Comments (2)
I benchmarked with populated tables vs empty tables when adding reference columns on Postgres 15. tested on a Macbook M1 Pro (10 cores 16gb RAM).
with an empty table (the one adding the column), the difference is negligible; go forth and have simple migrations.
with 1 million records in both tables, the difference is up to 45ms which is hardly noticeable to anyone. Go forth and have simple migrations.
with 100 million records in both tables, the difference is up to 6 seconds. Still not a lot of time, but depending on your use cases, this could be noticeable.

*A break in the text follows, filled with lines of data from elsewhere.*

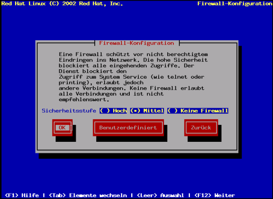 Red Hat Linux bietet einen Firewall-Schutz als weitere Sicherheit für Ihr System. Die Firewall befindet sich zwischen Ihrem Computer und dem Netzwerk und bestimmt, auf welche Ressourcen Ihres Computers Remote-Benutzer des Netzwerks zugreifen können. Eine richtig eingestellte Firewall kann die Sicherheit Ihres Systems erheblich verbessern.
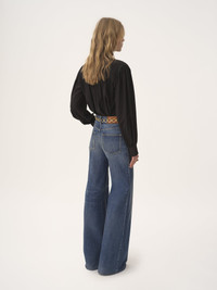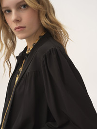 Maxi gathered lavalliere blouse in organic silk crepe de chine with a fluid silhouette. PRODUCT DETAILS Lavalliere blouse outer shell: 100% Silk Buttons: 100% Mother-of-pearl Fit: maxi - The model is 5'10" (178 cm) and wears a prototype in size 36 - Fluid silk blouse - Lavalliere scarf - Mother-of-pearl buttons through front & at cuffs Organic silk manufacturing restricts the use of pesticides, insecticides or harsh chemicals and incorporates methods that respect biodiversity, improve soil quality and reduce water consumption. This product was made in collaboration with Akanjo, a certified WFTO supplier. Akanjo is a social enterprise located in Madagascar that places equal pay and employees' health & wellbeing at the core of their priorities. A long-standing partner of Chloe for 15 years, Akanjo is also committed to training and promoting craftsmanship. Color: Black Item code: CH25AHT19077001
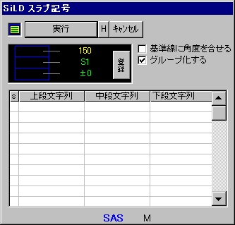 ・ セットボタン(S)をクリックするだけで、簡単にスラブ・室名記号を作図できます ・ 記号内容100タイプまで登録できます (登録ボタンをクリックするだけで 自動卯登録されます) ・ 基準線に合わせて記号に角度がつけられます ・ グループ番号が、記号を作図する度に自動で割付けられます |
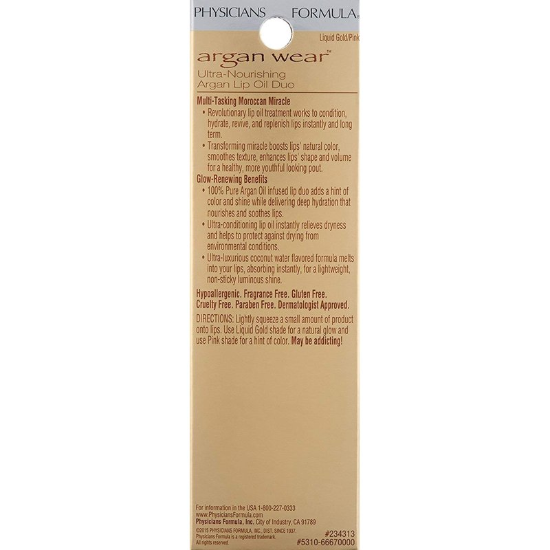 Physicians Formula Argan Wear Ultra-Nourishing Argan Lip Oil Duo, Liquid Gold/Pink, 0.6 Fluid Ounce
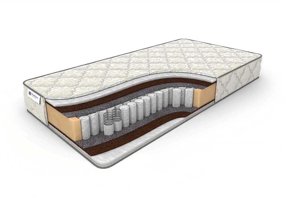 Комбинация современных синтетических и натуральных наполнителей обеспечивает комфорт и износостойкость матраса, гарантируя долгий срок службы.
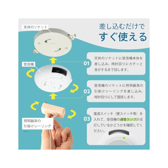 【 特 長 】 ◆赤外線リモコンで離れた場所から照明器具をオン・オフ ◆文字が見やすい大型液晶リモコン ◆毎日同じ時刻に繰り返し「自動オン・オフ」も可能、防犯対策に ◆日照不足の暗い北向き・窓なし部屋での目覚まし照明用にも ◆5時間後まで自動オフができる切タイマー機能付き ◆落下防止の「固定ロック機能」付き ◆通電ランプ付き ◆取り付けは照明器具と天井の引掛シーリングの間に受信機本体をセットするだけ、面倒な配線や工事などの必要なし
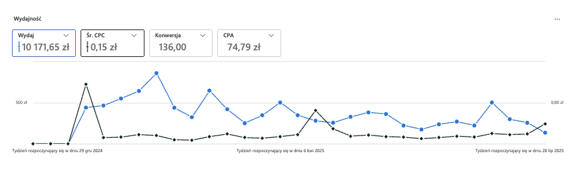 W celu dalszej dywersyfikacji źródeł pozyskiwania kontaktów i zwiększenia skali działania, po dogłębnej analizie potencjału rynkowego, włączyliśmy do strategii kampanie w Microsoft Ads. Ten krok okazał się strzałem w dziesiątkę – kanał ten, szczególnie w obszarze kampanii graficznych i remarketingowych, zaczął generować wysokiej jakości leady przy wyjątkowo konkurencyjnych kosztach, umacniając naszą kompleksową strategię pozyskiwania klientów.
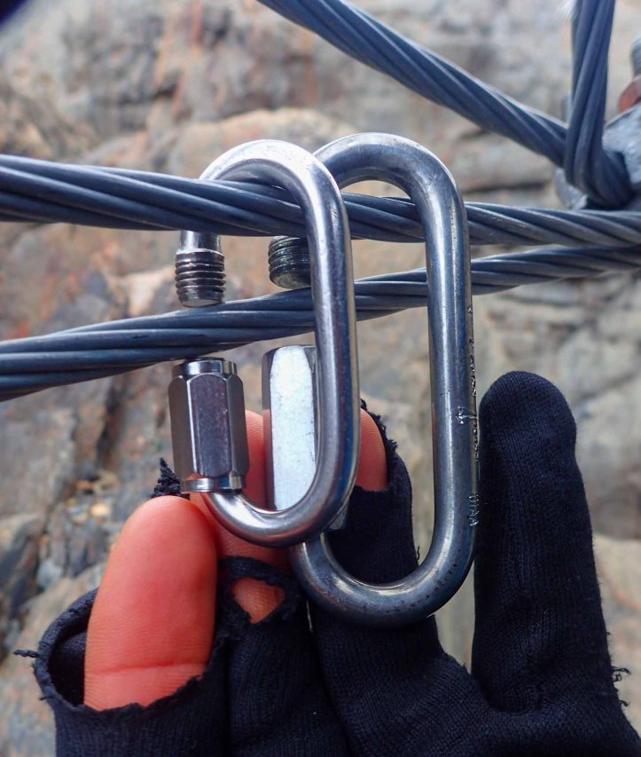 To cross we just carried some tape/webbing to make a harness. Around 5-6m works well for me. I left one tail quite long so I could attach myself to the cable as a backup. I found a mallión worked well – even my small one. Most people carry a steel crab instead, but a mallión is lighter. This safety is a a good place to attach a bag if you are by yourself.
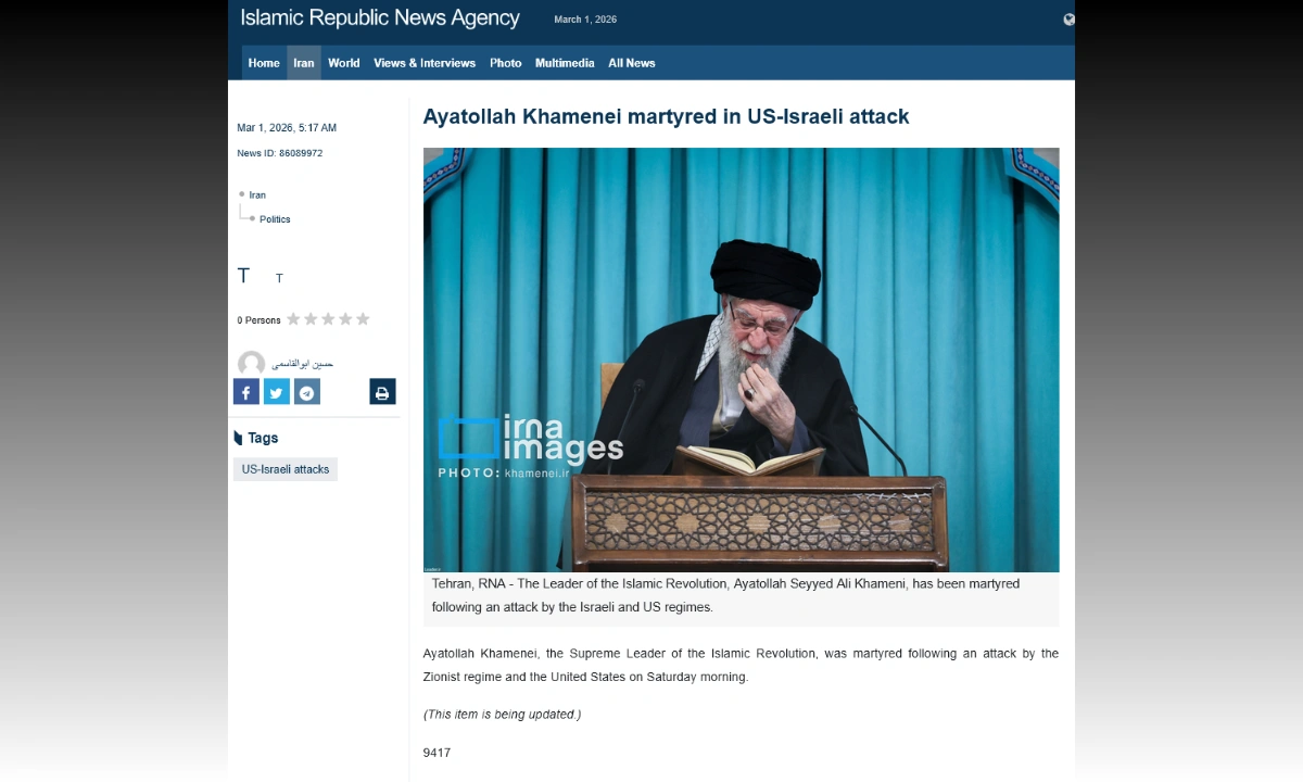 ایران کی سرکاری نیوز ایجنسی سے آیت اللہ خامنہ ای کی شہادت کا اعلان
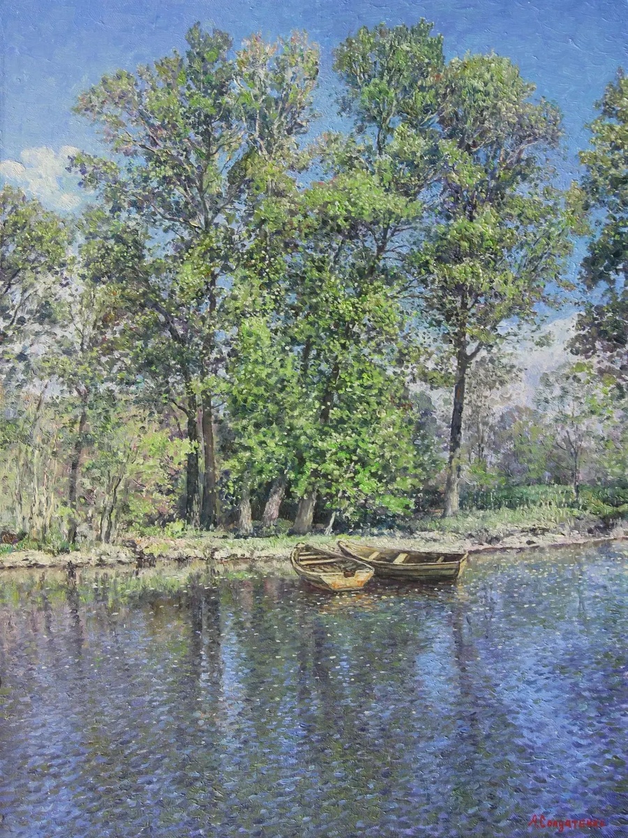 Деревья у воды и лодки (из серии "Волжские протоки") холст масло 60х45 2026 г Художник Андрей Солдатенко (СХР г.Саратов). Цена картины 18000 (без рамы). Можно оформить в раму по желанию покупателя. Скидки можно обсудить в ЛС. Доставка по России СДЭК (за счет покупателя)
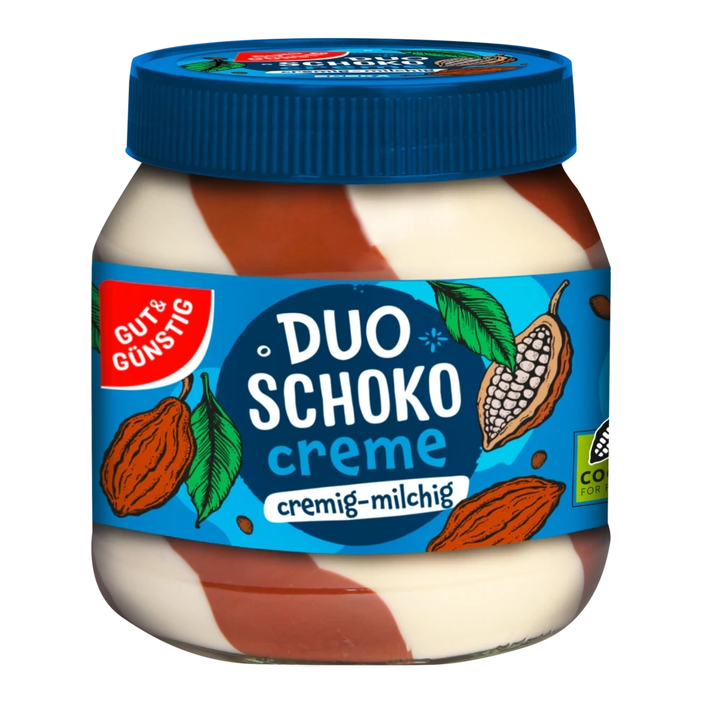 Rozkoszuj się chwilą pełną smaku z Duo-Schoko-Creme! Krem o smaku czekoladowo-mlecznym to prawdziwa uczta dla podniebienia. Doskonały nie tylko na chleb, ale również jako gwiazda deserów, ciast i kreatywnych wafli.

In depth look when benchmarking 1 million rows:
- When adding a column to an empty table that references a populated table's column
- with validate true, total time is
4.550 ms
. blocks writes to both tables. - with validate false and separate validation, total time is
1.793 ms
(2.5x faster). blocks writes to both tables during column creation (1.045 ms
), blocks almost nothing on empty table during validation (0.748 ms
).
- with validate true, total time is
- When adding a column to a populated table that references a populated table's column
- with validate true, total time is
60.929 ms
blocks writes to both tables. - with validate false, total time is
45.17 ms
(1.3x faster). blocks writes to both tables during column creation (0.507 ms
), and doesn't block much on constraint table during validation (44.663 ms
).
- with validate true, total time is
clearly, it doesn't really matter when the referenced column is added to an empty table. You can get away with this :)
However, in both tests, separating the constraint validation from column creation is noticeably faster, and there is another noticeable difference: when there is populated data in both tables and you don't separate validation from column creation, you have longer write-blocking locks on both tables.
- Creating the referenced column obtains a
ShareRowExclusiveLock
on both tables which blocks writes. - Validating the constraint only obtains a
ShareUpdateExclusiveLock
on the table w/ the constraint which does not block writes, and obtains aRowShareLock
lock on the referenced table which blocks almost nothing.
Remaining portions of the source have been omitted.